Return every entry below exactly as written, minus the pictures.

Items from a dataset:
#####

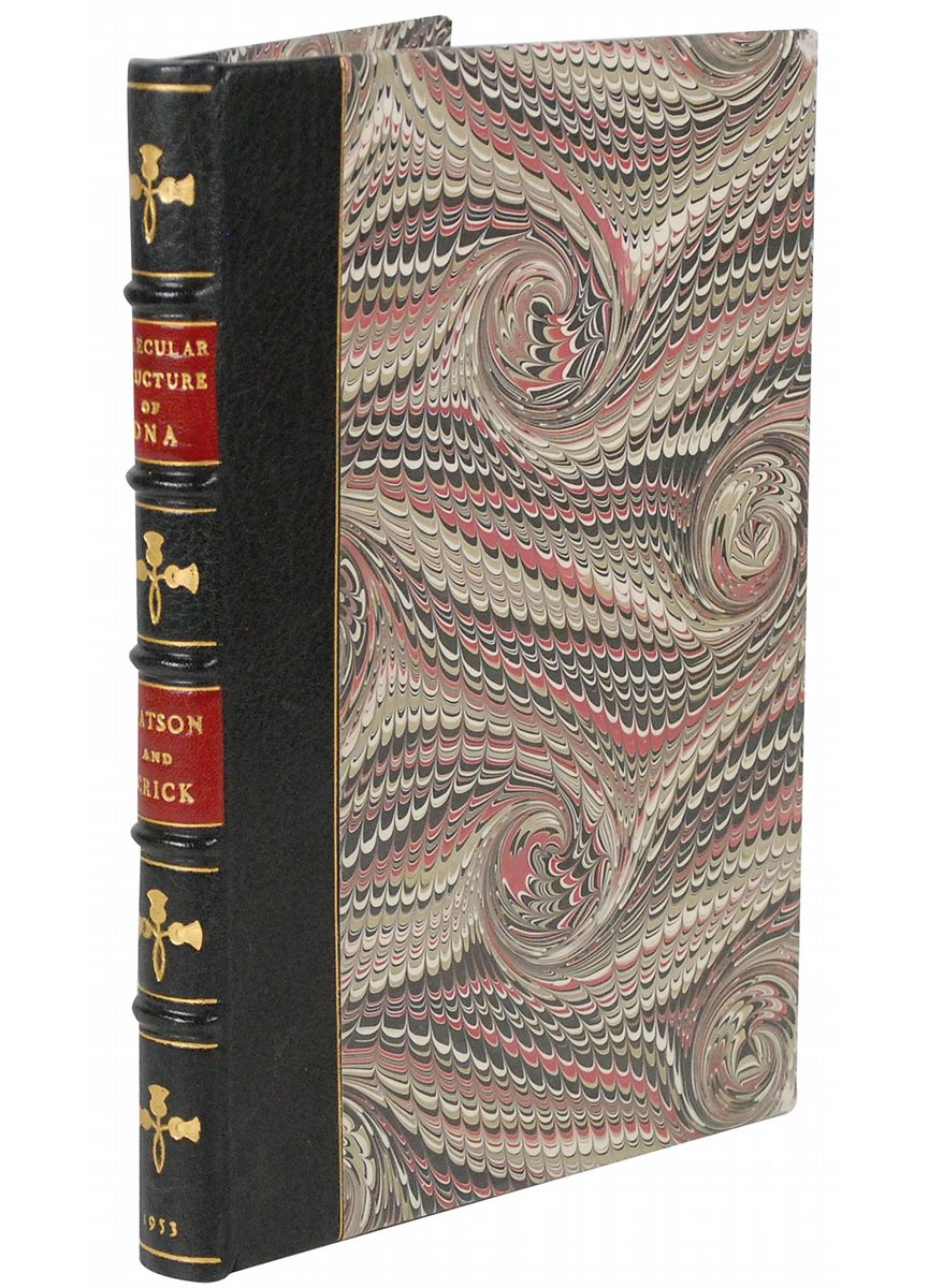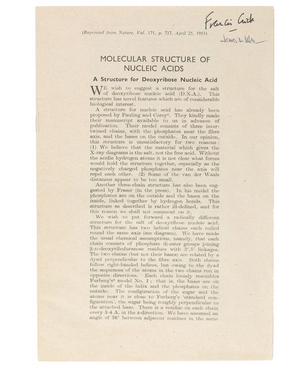 Signed offprint article: ‘Molecular Structure of Nucleic Acids: A Structure for Deoxyribose Nucleic Acid.’ Off-print from: Nature Vol. 171 (April 25, 1953), 14 pages. Original self-wrappers. Signed on the first page in black ballpoint, “James D. Watson” and black felt tip “Francis Crick.” Includes an attractive custom-made leatherbound clamshell case. In very fine condition. This is the enormously desirable rare first edition off-print of the article announcing the discovery of the double-helix structure of DNA, the single most important breakthrough in the history of the life sciences. An exceedingly scarce example, signed by Watson and Crick on the first page and thus eminently suited for exhibition.
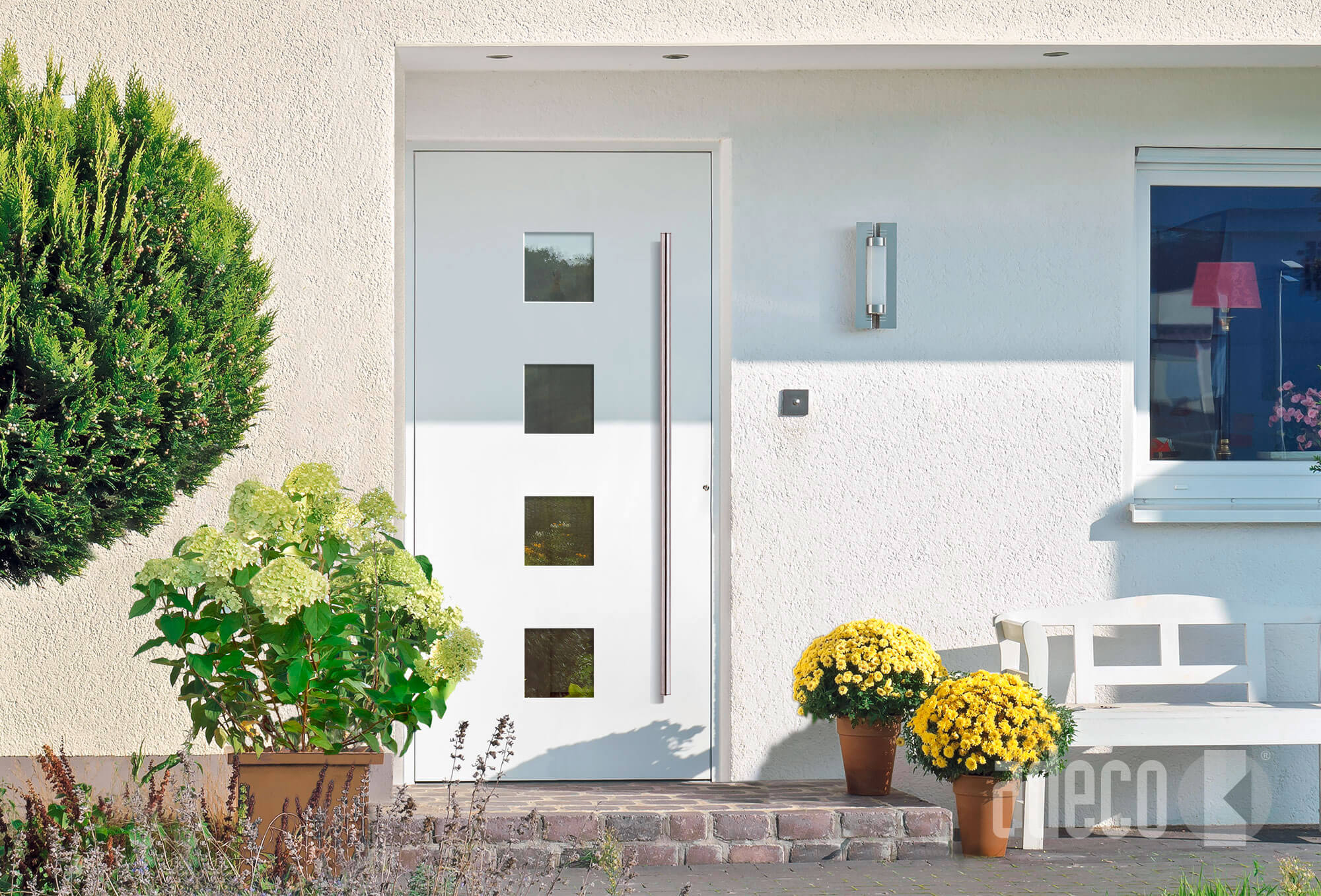 Details: 4 Felder verglast, in Ausführung Aufsatzfüllung, Klarglas plan, mit integriertem Griff HA 591, Edelstahl matt gebürstet
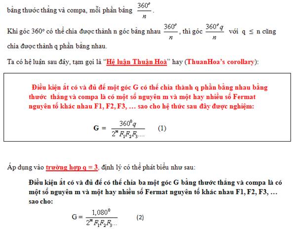 Với ThuanHoa’s corollary, từ đây người ta không còn phải mất thì giờ tìm xem khi nào thì một góc cho sẵn có thể chia thành nhiều phần bằng nhau bằng cách chỉ dùng thước thẳng và compa.
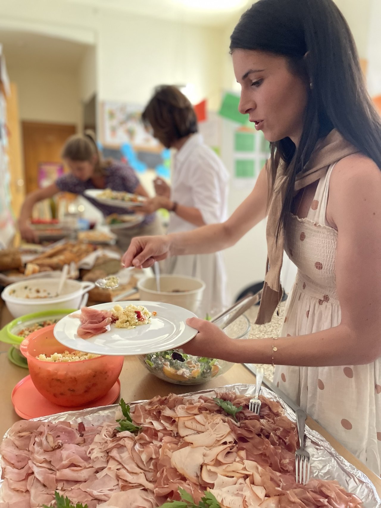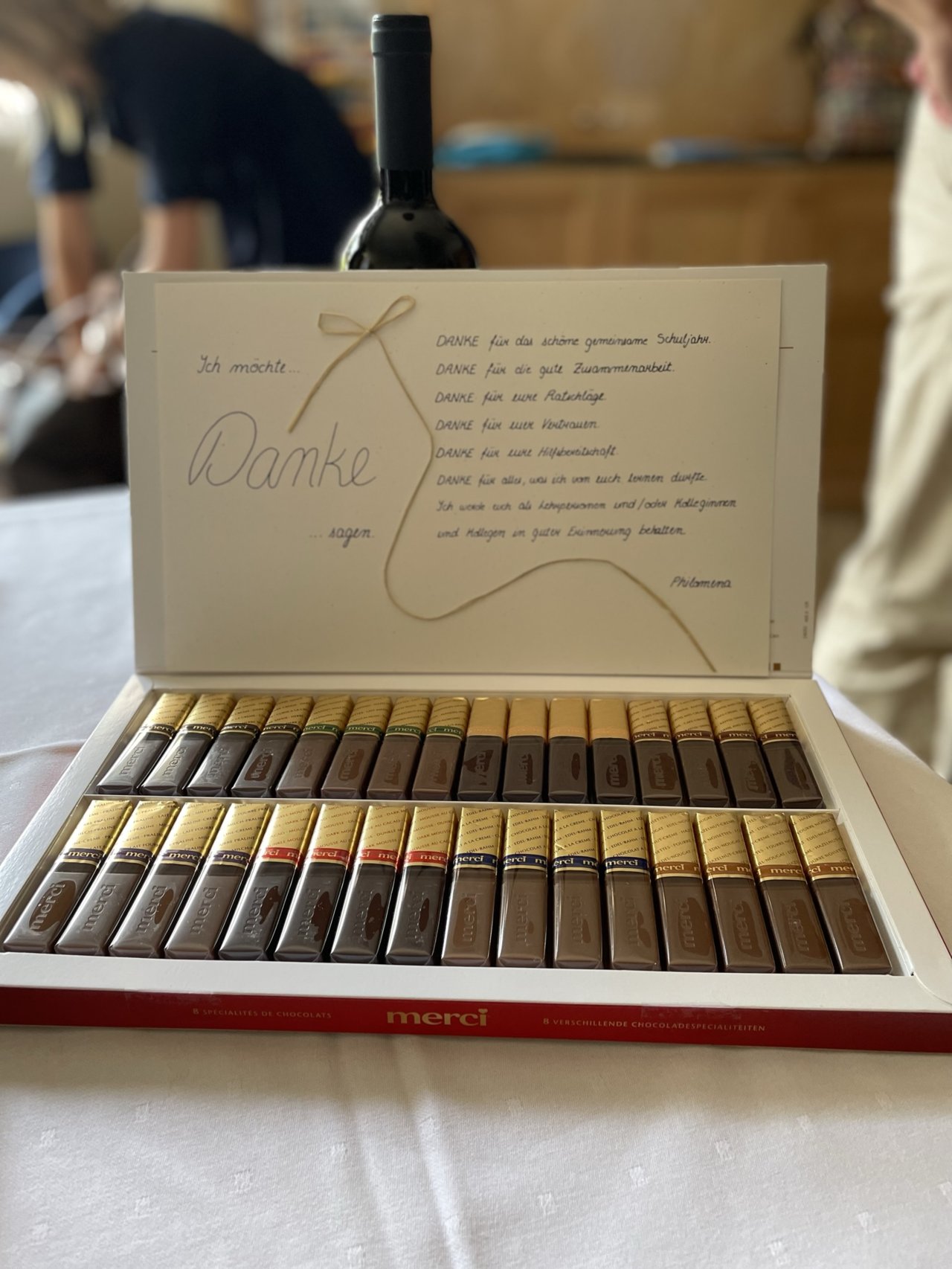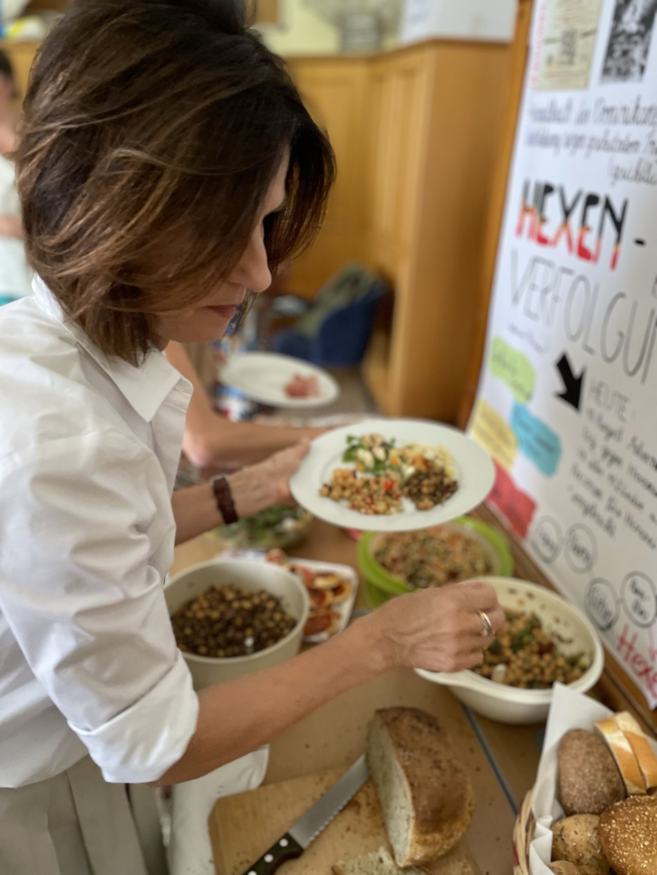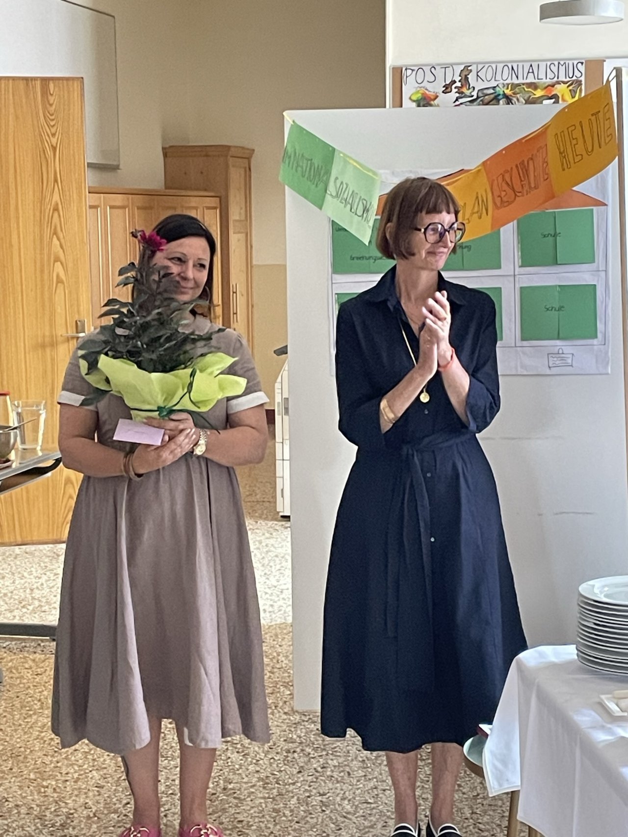 Nach den Abschlusskonferenzen verwandelten wir die Klassenräume in ein Restaurant: schöne Atmosphäre, chillige Musik, köstliches und selbst zubereitetes Essen, ein gutes Glas Wein dazu und die Gesellschaft der Kolleginnen und Kollegen.
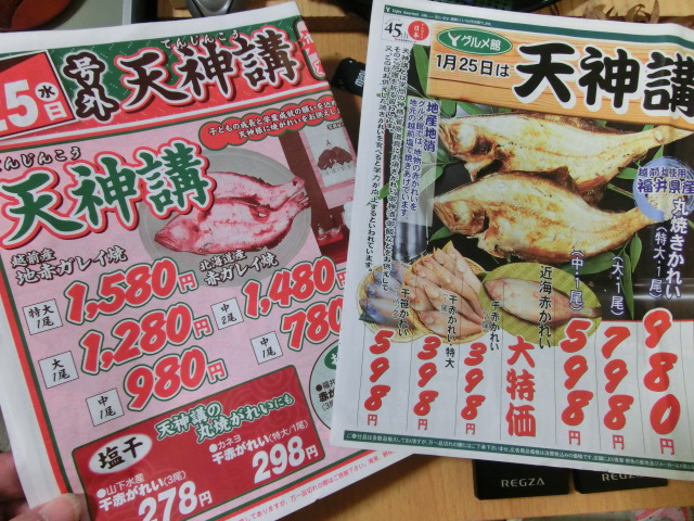 福井では焼きカレイをお供えして食べるのが天神様ということか、どこのスーパーも焼きカレイの特別ポスターと売り場ができてます・・・・・ →Orz///
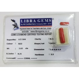 REPORT.NO.LCI 504CLARITY.N/ACOLOUR.REDSHAPE/CUT.CAPSULEWT.3.83 CTSDIMENSION.7.6-7.8-4.9R.INDEX.N/AHARDNESS.3.5COMMENT.CORAL..
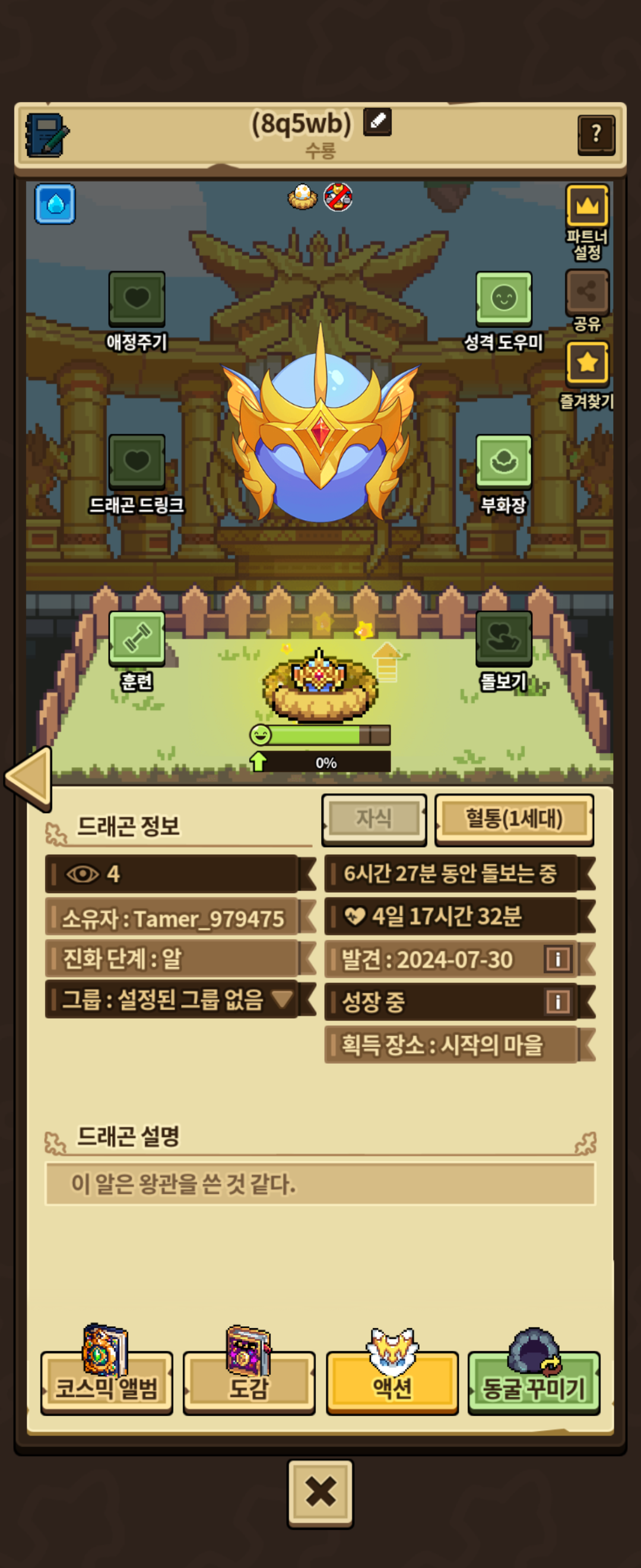 첫 선택 용인데 6시간째 성장이 0 이네요 다른 얘들은 안그러는데 ㅠㅠ 성장고속상태라고 드링크도 못먹이고.. 이거 왜그러나용??

#####

** Exercise answer **
 Signed offprint article: ‘Molecular Structure of Nucleic Acids: A Structure for Deoxyribose Nucleic Acid.’ Off-print from: Nature Vol. 171 (April 25, 1953), 14 pages. Original self-wrappers. Signed on the first page in black ballpoint, “James D. Watson” and black felt tip “Francis Crick.” Includes an attractive custom-made leatherbound clamshell case. In very fine condition. This is the enormously desirable rare first edition off-print of the article announcing the discovery of the double-helix structure of DNA, the single most important breakthrough in the history of the life sciences. An exceedingly scarce example, signed by Watson and Crick on the first page and thus eminently suited for exhibition.
 Details: 4 Felder verglast, in Ausführung Aufsatzfüllung, Klarglas plan, mit integriertem Griff HA 591, Edelstahl matt gebürstet
 Với ThuanHoa’s corollary, từ đây người ta không còn phải mất thì giờ tìm xem khi nào thì một góc cho sẵn có thể chia thành nhiều phần bằng nhau bằng cách chỉ dùng thước thẳng và compa.
 Nach den Abschlusskonferenzen verwandelten wir die Klassenräume in ein Restaurant: schöne Atmosphäre, chillige Musik, köstliches und selbst zubereitetes Essen, ein gutes Glas Wein dazu und die Gesellschaft der Kolleginnen und Kollegen.
 福井では焼きカレイをお供えして食べるのが天神様ということか、どこのスーパーも焼きカレイの特別ポスターと売り場ができてます・・・・・ →Orz///
 REPORT.NO.LCI 504CLARITY.N/ACOLOUR.REDSHAPE/CUT.CAPSULEWT.3.83 CTSDIMENSION.7.6-7.8-4.9R.INDEX.N/AHARDNESS.3.5COMMENT.CORAL..
 첫 선택 용인데 6시간째 성장이 0 이네요 다른 얘들은 안그러는데 ㅠㅠ 성장고속상태라고 드링크도 못먹이고.. 이거 왜그러나용??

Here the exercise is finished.